The primer sequences can be trimmed from the reads sequences with the --trim
argument.
By default the script will only look for exact matches between the reads and the primers.
(hamming distance is 0). Substitutions can be allowed with the -m
or --mis
argument.
The number of mismatches allowed is a trade-off between accuracy (a low number of mismatches
allowed) and quantity (a high number of mismatches, but increases the number of false-
positives). The mismatch parameter should depend on the length of the primers used (longer
primers might need higher mismatch settings since there is more room for substitutions)
and the general quality of the sequencing run.
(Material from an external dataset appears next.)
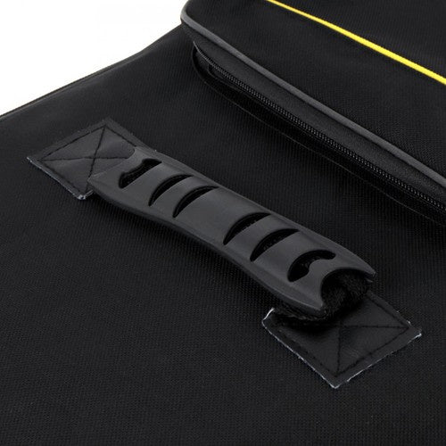 - SPECIFIKACIJOS - spalva: juoda; medžiaga: išorinis dangtelis: oksfordo audinys + PU, vidinis dangtis: poliesteris, užpildas: putplastis EPE, kiti: PP + guma + poliesteris + nailonas + cinko lydinys ; vidiniai matmenys (ilgis/plotis/gylis): 103/41/11 cm; išoriniai matmenys (ilgis/plotis/gylis): 107/44/12cm; svoris: 500g; svoris pakuotėje: 530 g

Shifts can occur between the reads and the primers, either due to sequencing errors or due
to post-processing of the reads (trimming of barcode sequences). By default the pipeline
does not look for shifted sequences, so if a shift occurs the number of mismatches shoots
up and the read cannot be assigned to a primer. With the -s
or --shift
argument the
maximum number of nucleotides shifted between the primers and the reads can be specified.
A higher shift value will be able to assign more reads to the primers, but might introduce
false-positives.
By default the script will utilize all cores available at the computer. The number of used
cores can be altered with the --cores
argument. The script memory usage can be influenced
with the --chunk
argument. The chunk size indicated how many reads it will load into the
memory at any given time. By default the chunk size is set to 25000 * the number of cores,
which, depending on the read format and length, results in 50mb ram usage per core.
Command line arguments:
Split\_on\_Primer.py [-h] [-f Sequence file] [-p Primer file]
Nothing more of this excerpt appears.